● Problem requirements:
Only one stretch of the records below should be repeated. It starts with the line containing "Chic black tank" and goes on through the line containing "知趣竞猜里的一个品牌关卡,不", exactly as written.

● Information:
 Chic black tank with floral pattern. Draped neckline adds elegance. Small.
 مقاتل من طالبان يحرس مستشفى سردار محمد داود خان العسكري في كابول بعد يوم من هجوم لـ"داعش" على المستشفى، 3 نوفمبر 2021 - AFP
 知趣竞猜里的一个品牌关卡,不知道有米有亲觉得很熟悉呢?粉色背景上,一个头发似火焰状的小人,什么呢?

==

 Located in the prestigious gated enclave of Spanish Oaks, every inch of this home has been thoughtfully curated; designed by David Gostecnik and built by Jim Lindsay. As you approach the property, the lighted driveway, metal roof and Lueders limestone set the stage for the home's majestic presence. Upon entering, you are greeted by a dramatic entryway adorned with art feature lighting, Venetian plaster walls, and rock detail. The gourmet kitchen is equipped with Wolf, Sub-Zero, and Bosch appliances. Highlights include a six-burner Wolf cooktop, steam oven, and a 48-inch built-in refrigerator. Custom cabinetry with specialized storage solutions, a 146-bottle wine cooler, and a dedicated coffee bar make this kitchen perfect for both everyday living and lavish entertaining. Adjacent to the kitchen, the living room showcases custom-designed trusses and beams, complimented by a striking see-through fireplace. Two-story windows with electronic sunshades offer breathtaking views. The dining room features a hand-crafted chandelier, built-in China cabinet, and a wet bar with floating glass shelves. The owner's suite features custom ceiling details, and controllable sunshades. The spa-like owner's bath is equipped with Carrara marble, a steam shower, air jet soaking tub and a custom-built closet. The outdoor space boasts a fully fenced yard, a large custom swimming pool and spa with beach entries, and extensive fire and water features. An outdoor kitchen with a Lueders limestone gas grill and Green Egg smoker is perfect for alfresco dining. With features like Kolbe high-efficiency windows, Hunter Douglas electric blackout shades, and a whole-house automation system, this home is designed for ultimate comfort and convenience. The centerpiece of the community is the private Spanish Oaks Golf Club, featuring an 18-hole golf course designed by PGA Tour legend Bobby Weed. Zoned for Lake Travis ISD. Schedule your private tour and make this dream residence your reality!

--

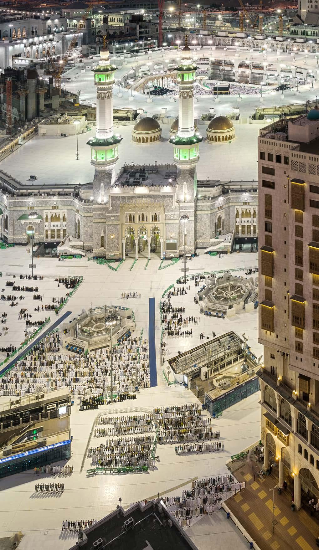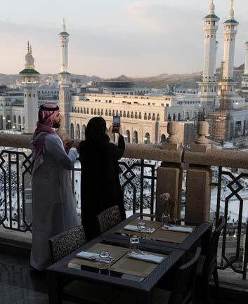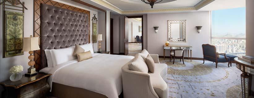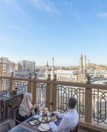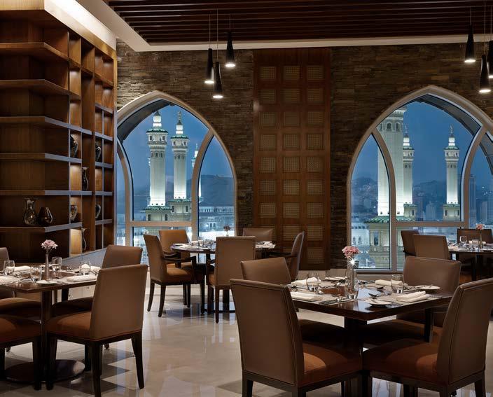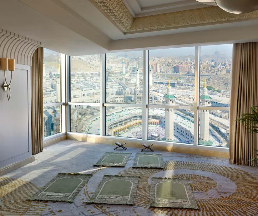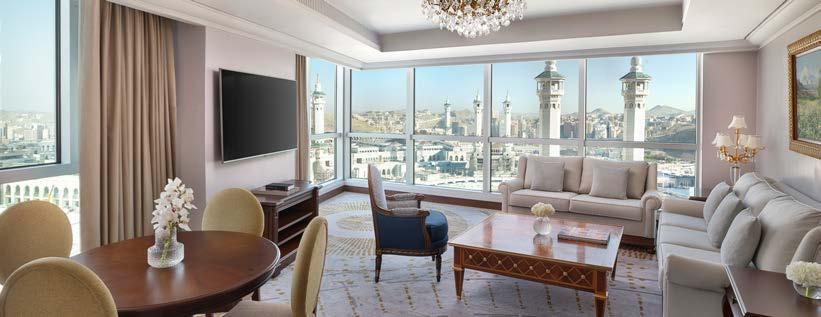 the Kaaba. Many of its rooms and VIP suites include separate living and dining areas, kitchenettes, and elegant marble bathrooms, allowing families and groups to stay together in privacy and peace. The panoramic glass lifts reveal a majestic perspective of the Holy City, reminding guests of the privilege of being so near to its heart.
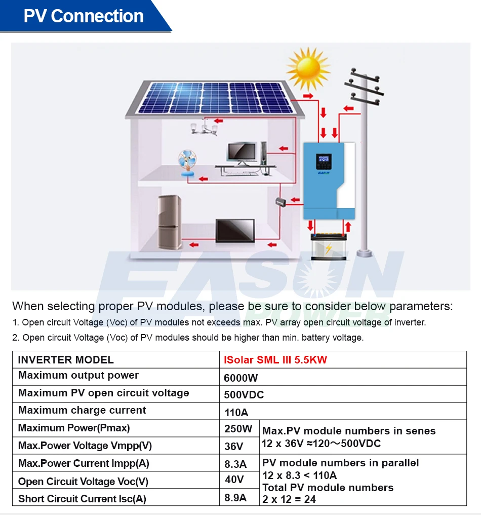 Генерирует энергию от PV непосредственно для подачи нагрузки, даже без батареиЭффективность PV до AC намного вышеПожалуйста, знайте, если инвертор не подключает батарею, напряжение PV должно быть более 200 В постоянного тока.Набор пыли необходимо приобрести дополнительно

● Exercise response:
 Chic black tank with floral pattern. Draped neckline adds elegance. Small.
 مقاتل من طالبان يحرس مستشفى سردار محمد داود خان العسكري في كابول بعد يوم من هجوم لـ"داعش" على المستشفى، 3 نوفمبر 2021 - AFP
 知趣竞猜里的一个品牌关卡,不知道有米有亲觉得很熟悉呢?粉色背景上,一个头发似火焰状的小人,什么呢?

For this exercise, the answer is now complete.